If latitude or longitude is bad, then "Client Error: Bad lat/lng format\n"
may be returned. Lastly commands that require a namespace (either through use
of ``in`` or ``use space``) will return "Client Error: Must use a namespace\n"
if one is not provided.

Example
----------

Here is an example of a client flow, assuming teles is
running on the default port using just telnet::

$ telnet localhost 2856
> list spaces
START
END

> create space testing
Done

> list spaces
START
testing
END

> list objects
START
END

> add object jill
Done

> add object jack
Done

> add object joe
Done

> delete object joe
Done

> list objects
START
jack
jill
END

> associate point 40.123 -120.515 with jack
Done

> associate point 40.123 -120.515 with jill
Done

> list associations with jack
START
GID=2192486008 lat=40.1230 lng=-120.5150
END

> disassociate 2192486008 with jack
Done

> list associations with jack
START
END

> query nearest 5 to 40.123 -120.515
START
jill
END

> delete space testing
Done

Clients
----------
Here is a list of known client implementations:

* Python : https://github.com/armon/pyteles
* Go : https://github.com/geetarista/go-teles

Here is a list of "best-practices" for client implementations:

* Maintain a set of open connections to the server to minimize connection time
* Doing a 'use space' at the start of the connection avoids the need to
specify 'in ' before each connection

Performance
-----------

Casual testing was performed on a 2012 Macbook Pro with default configurations,
and a concurrency of 4 per space.

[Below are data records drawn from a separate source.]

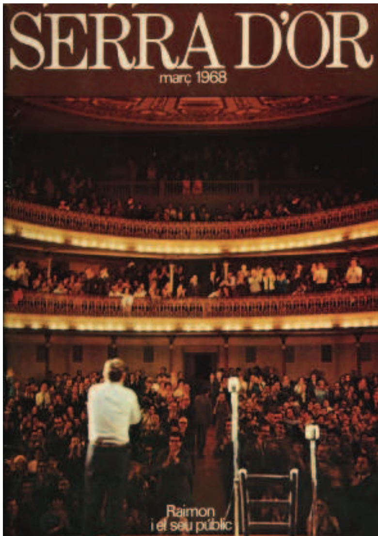
Portada de la revista Serra d'Or , març de 1968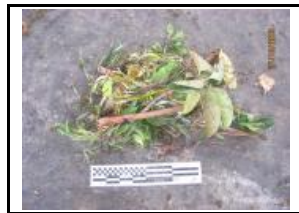
7. Poda no voluminosa (trobad a la mostra)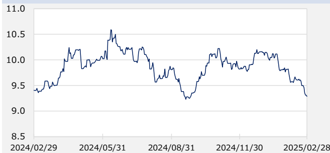
FTSE WGBIメキシコ国債 最終利回り（%）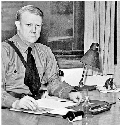
Vidkun Quisling, Synonym für Verrat.

Polen bestehenden alliierten Streitmacht von über 20 000 Mann geschaffen. Sie eroberte zusammen mit der 6. norwegischen Division Carl Gustav Fleischers (1883–1942) am 28. Mai 1940 die Stadt Narvik zurück und drückte den von etwa 5000 zu gleichen Teilen aus Gebirgsjägern und angelandeten Matrosen zusammengesetzten Verband von Eduard Dietl (1890–1944) bis in die unmittelbare Nähe der schwedischen Grenze zurück. Dann aller-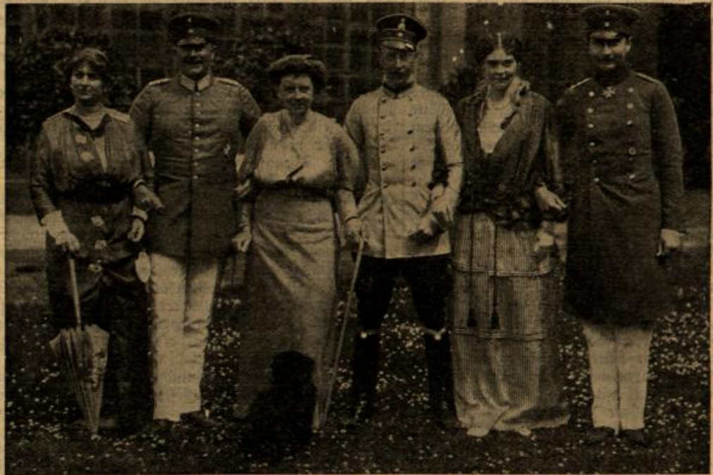
Eine lustige Gruppenaufnahme aus dem Braunschweiger Schloßgarten. Von links nach rechts: Prinzessin August Wilhelm, Prinz Eitel-Friedrich, Prinzessin Eitel-Friedrich, der Kronprinz, die Kronprinzessin, Prinz August Wilhelm.

Zum Tauffest in Braunschweig hatte die ganze Residenzstadt ein farbenprächtiges Feiertagsgewand angelegt. In den Straßen und namentlich auf dem weiten Plage vor dem Schloß drängte sich eine frohgestimmte Menschenmenge, um die Anfahrt der fürstlichen Gäste zu beobachten und dem Herzogs-paar lebhaft zuzujubeln. Ernst August, wie sein herzoglicher Vater und Großvater, heißt der junge Kaiserenkel, der am Samstag im ehrwürdigen Dom der Burg Dankwarderode feierlich getauft worden ist. Die Braunschweiger Bevölkerung nahm an dem festlichen Ereignis den freudigsten Anteil und bereitete dem jungen Herzogs-paar und seinen Gästen überall lebhaft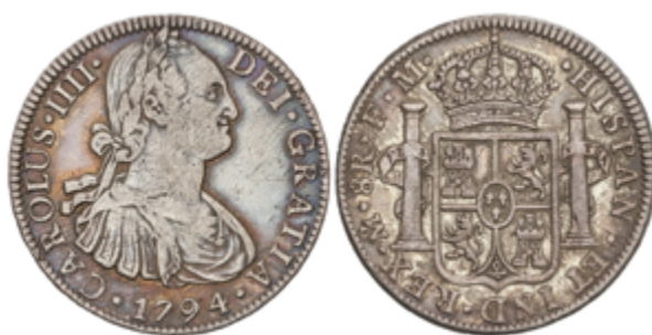
319 50 €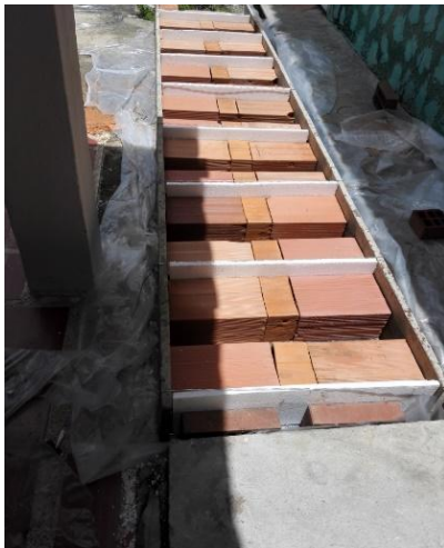
Figura 2: Construcción de modelos de losas.

Central del Cuerpo de Bomberos de Valencia. El ensayo consistió en la exposición de los modelos de losa a fuego directo fuego, por un lapso de tiempo de 60 minutos para cada ensayo, este tiempo fue seleccionado de acuerdo a lo establecido en el documento Seguridad frente al fuego de estructuras de hormigón de Vega y Buron [4]. De acuerdo a estos autores, para 60 minutos la temperatura alcanzada para un recubrimiento de 3 cms se estima en 370°C, mientras que para temperaturas de 400°C se estima en 15 % la pérdida de resistencia del acero de refuerzo.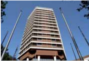
Sportschule Wedau 2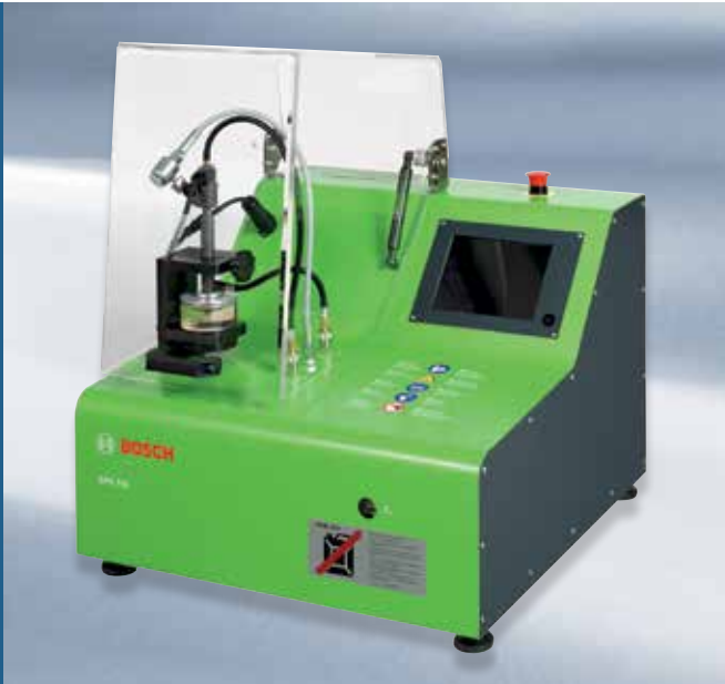
EPS 118: Pladsbesparende og robust desktop-service med gennemsigtigt kammer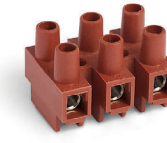
Serie H Versione rialzata Raised base version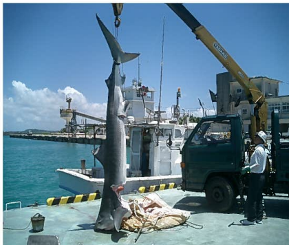
池間漁港 サメ水揚げ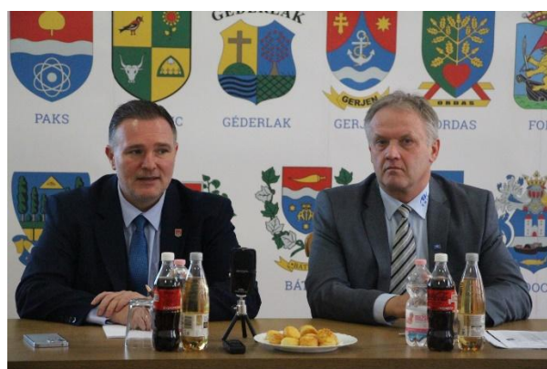
A társulás tagjai 2024. február 7-én Foktőn, a társulás tagjai 2024. május 24-én Géderlakon, valamint 2024. október 15-én és 2024. december 5-én Kalocsán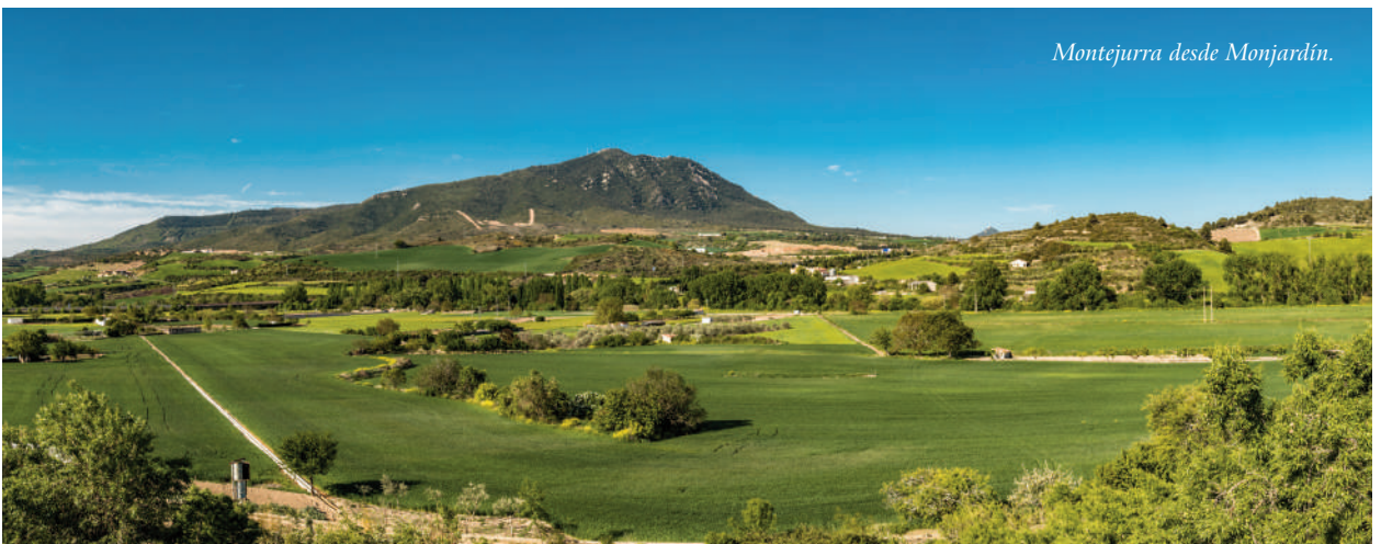
Montejurra desde Monjardín.

For a space with 370,000 objects, average insert
time was 500μs, resulting in an total of 2000 inserts per second. Performing ``query around``
with a random lat/lng and random distance between 1 and 100 miles took 300μs but with
mutilple clients about 6000 QPS can be achieved. Lastly, doing ``query nearest`` with
a random lat/lng and between 1 and 50 neighbors took 1.6ms on average, and with 4 clients
2400 QPS was possible.

References
----------

Packages:

* The R*-tree implemetation is from the [erl-rstar package](http://github.com/armon/erl-rstar).

Related works:

* [R-trees: A dynamic index structure for spacial searching](http://www.cs.jhu.edu/~misha/ReadingSeminar/Papers/Guttman84.pdf)
* [The R*-tree: An Efficient and Robust Access Method for Points and Rectangles](http://www.cs.ucr.edu/~tsotras/cs236/F11/rstar.pdf)
* [Nearest Neighbor Queries](http://postgis.refractions.net/support/nearestneighbor.pdf)
* [Enhanced Nearest Neighbor Search on the R-tree](http://www.cse.cuhk.edu.hk/~adafu/Pub/rtree.ps)